Она развернулась, мотнув пышной, с бронзовым отливом гривой мелко завитых волос, и прошла к окну. Между прочим, походка её, если смотреть вслед, была вполне грациозной.
Я вошёл. Ребята встали.
– Здравствуйте. Садитесь.
Они опустились на свои места так тихо, что я забеспокоился о полноценности своего слуха. У Зины и Женьки глаза почти на мокром месте. Остальные тоже очень встревожены и возбуждены.
– Ну, что, дамы и господа? Взволнованы? Да, братцы! На нашу школу прямо напасть какая-то! Не опомнились ещё от трагедии со Светланой, как снова несчастье.
Из угла раздался голос Володьки Челнокова:
– Сергей Аркадьевич, а это правда, что он застрелился?
Я нахмурился.
– Умер от огнестрельного ранения в грудь.
– Так его убили?!
– Пока неизвестно. Идёт следствие.
По рядам сначала пробежал лёгкий шумок, потом все разом заговорили.

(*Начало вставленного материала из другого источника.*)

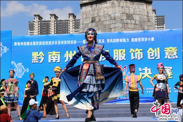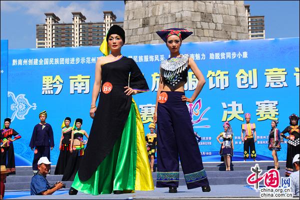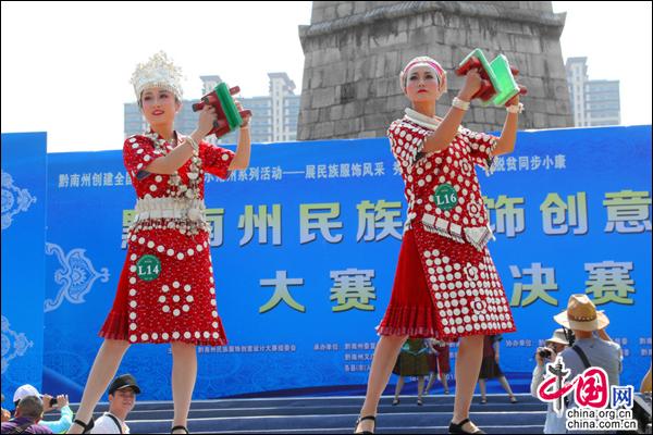 中国网7月20日讯 7月18日,黔南州民族服饰创意设计大赛决赛在都匀市文峰塔广场精彩上演,福泉原生态民族服饰精彩纷呈。
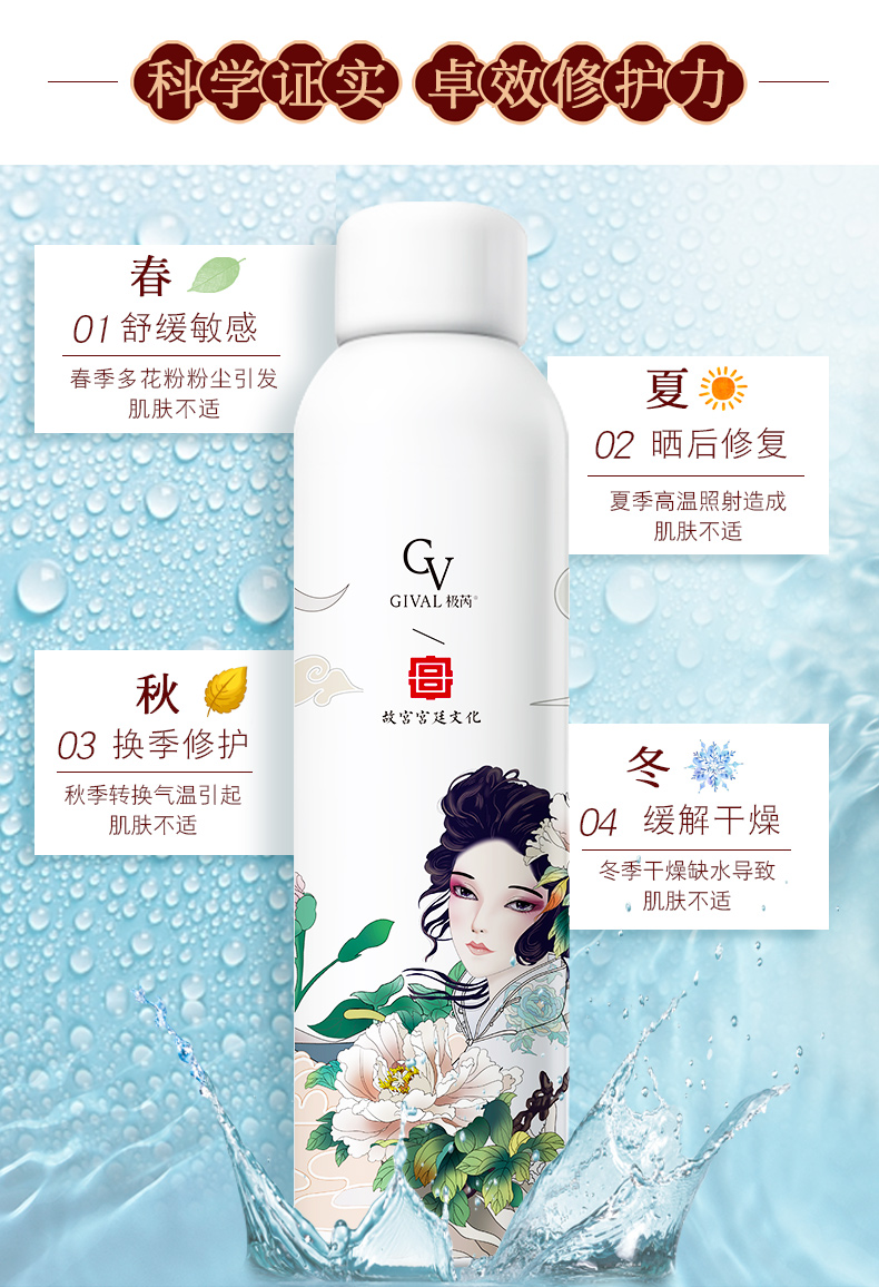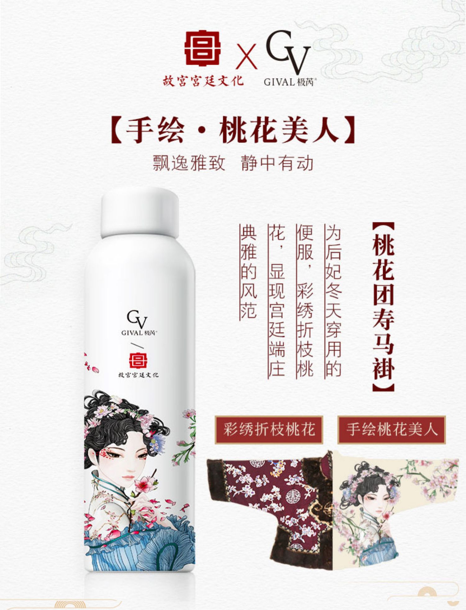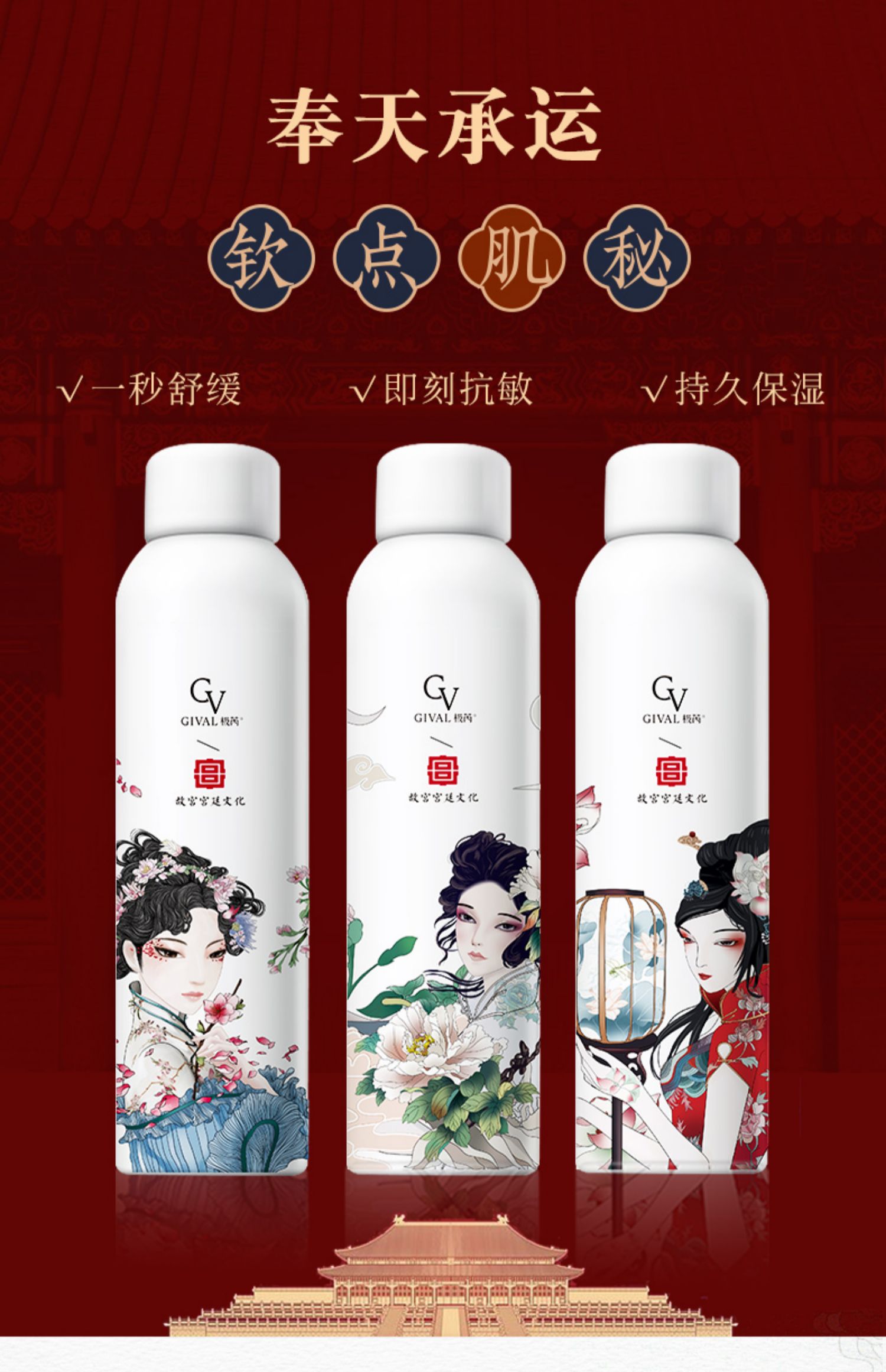 与故宫文化联合打造的GIVAL/极芮故宫喷雾抗敏感爽肤水手绘瓶身,颜值超高!快速补水,锁住水分流失,抵抗衰老!采用植物精华,适用于任何皮肤!还有淡淡的茉莉花香,好闻不腻!只要19元就能带回家!

– Сергей Аркадьевич! Но ведь он же – директор школы, а не мафиози какой-нибудь! За что же его убивать?
Это уже Сашка Ситлецкий выдавал мысли вслух. Я поднял руку.
– Тихо, тихо! Ну, зачем мы будем придумывать свои версии? Они же, всё равно, безосновательны. Давайте лучше возьмём под контроль свои эмоции. Он известен нам как хороший человек. Давайте с уважением отнесёмся к его памяти. И минутку помолчим.

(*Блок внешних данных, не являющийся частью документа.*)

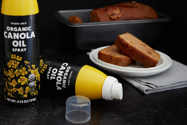 Trader Joe’s Organic Canola Oil Spray offers a quick, easy, and even way to apply oil to cooking surfaces. With a non-aerosol, air pressure-based Bag-On-Valve system, it delivers a fine, consistent mist without any propellants.

В классе наступила тишина. Я обвёл ребят взглядом. Красавчик Ситлецкий, маленький, но умный и амбициозный Костик Стрельцов, Генка Маркарьян – будущий медалист, Ира Коноплёва – звезда нашего класса, Маша Берг, Наташа Фокина – все смотрели на меня глазами, в которых не было досужего интереса к сенсации. Им было по-настоящему жаль Минакова как своего директора. И как человека тоже. А ещё им было страшно.

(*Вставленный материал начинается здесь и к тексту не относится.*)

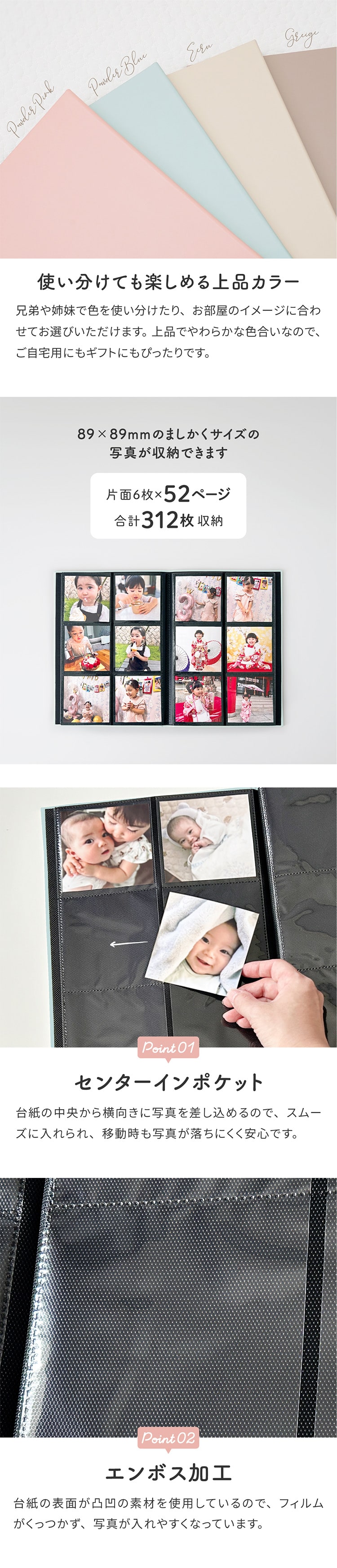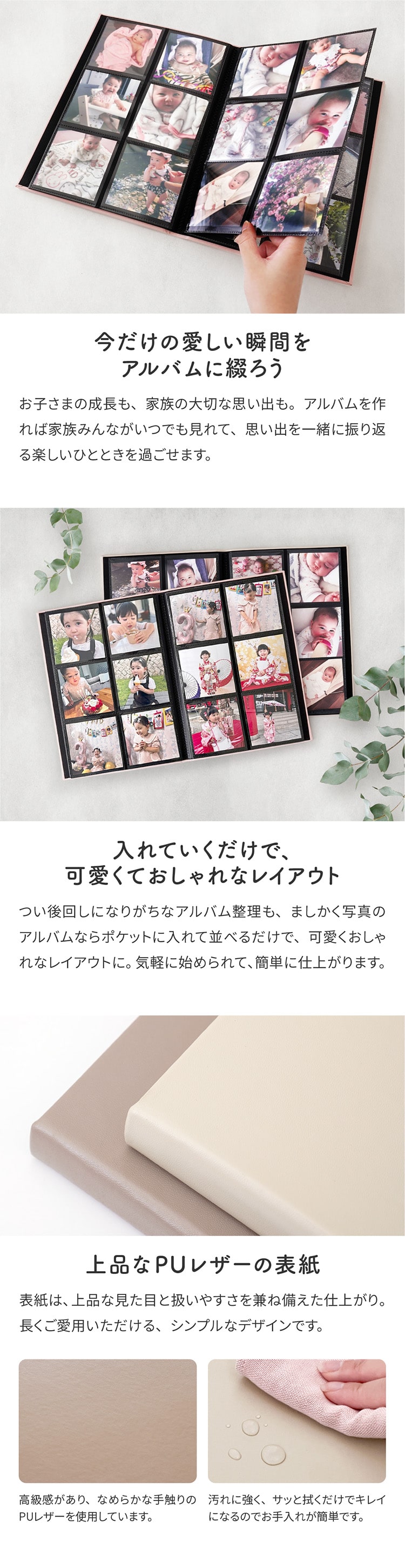 | 特長 | 今だけの愛しい瞬間をアルバムに綴ろう おしゃれにレイアウトできるスクエアアルバム つい後回しになりがちなアルバム整理も、ましかく写真のアルバムならとっても簡単!ポケットに入れて並べていくだけで、可愛くおしゃれなレイアウトになります。 【おすすめポイント】 ●上品なPUレザーの表紙 表紙は、上品な見た目と扱いやすさを兼ね備えた仕上がり。長くご愛用いただける、シンプルなデザインです。 ●使い分けても楽しめる上品カラー 兄弟や姉妹で色を使い分けたり、お部屋のイメージに合わせてお選びいただけます。上品でやわらかな色合いなので、ご自宅用にもギフトにもぴったりです。 ●センターインポケット 台紙の中央から横向きに写真を差し込めるので、スムーズに入れられ、移動時も写真が落ちにくく安心です。 ●エンボス加工 台紙の表面が凸凹の素材を使用しているので、フィルムがくっつかず、写真が入れやすくなっています。 ●スリムで省スペース 厚み約26mmのスリムサイズ。大きさもA4クリアファイルとほぼ同じだから、本と並べてもスッキリ収納できます。 |

Я посмотрел на Ирину Сергеевну. Стоя спиной к окну, она присела на подоконник и вытянула скрещенные длинные и чуть неровные ноги, затянутые в чёрные джинсы. Она была очень серьёзна, когда прямо взглянула мне в глаза.
Распахнулась дверь и в кабинет вошла Вера Ильинична. Она всё ещё была несколько бледной, а на лице так и застыло выражение ужаса. Я ощутил прилив сочувствия к этой немного чудаковатой женщине. Она кивнула нам, извинилась и сухим, надтреснутым и напряжённым голосом обратилась к классу:
– Так. Сейчас после звонка все могут идти домой. Завтра уроки, как обычно, по расписанию пятницы. Дома ничего лишнего не наговаривайте. И без того слухов будет предостаточно. О панихиде и похоронах мы вам сообщим, как только всё будет организовано. Вы же, надеюсь, примете участие? Вот так. До свидания.
И, именно в это время, за дверью рванул воздух школьный звонок. Мои ребята задвигали стульями, разом все заговорили и, прощаясь, двинулись к выходу. А я стоял и смотрел им вслед, забыв даже оставить дежурных, чтобы прибрать кабинет.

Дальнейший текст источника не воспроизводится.